DATA BELOW below:

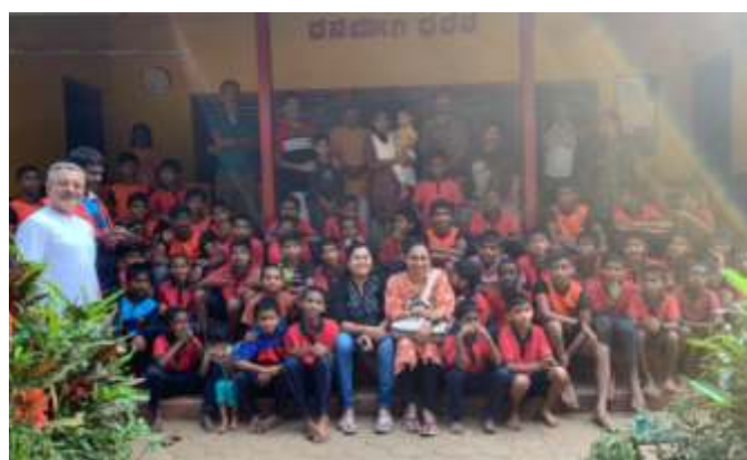
Vanayogi Bhavana - Hostel for students
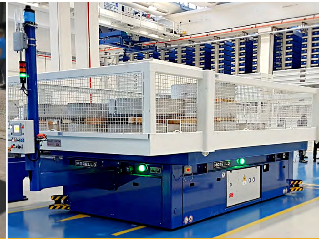
AGV / AUTOMATED GUIDED CARTS
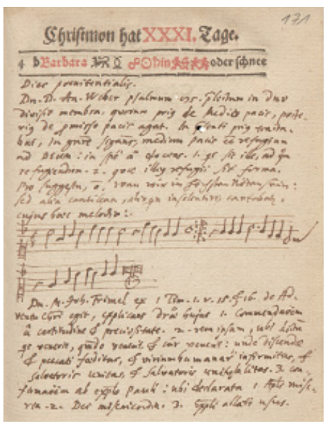
Fig. 2. Wrocław, Biblioteka Uniwersytecka, Oddział Rękopisów, R 2347, fol. 171rec. [4 Dec. 1648]

End of DATA BELOW.

• _YOUR ASSIGNMENT_
Leave out the pictures, and retype exactly the lines from the one containing "AGV / AUTOMATED GUIDED CARTS" through the final line of the data.

• _YOUR SOLUTION_
AGV / AUTOMATED GUIDED CARTS
Fig. 2. Wrocław, Biblioteka Uniwersytecka, Oddział Rękopisów, R 2347, fol. 171rec. [4 Dec. 1648]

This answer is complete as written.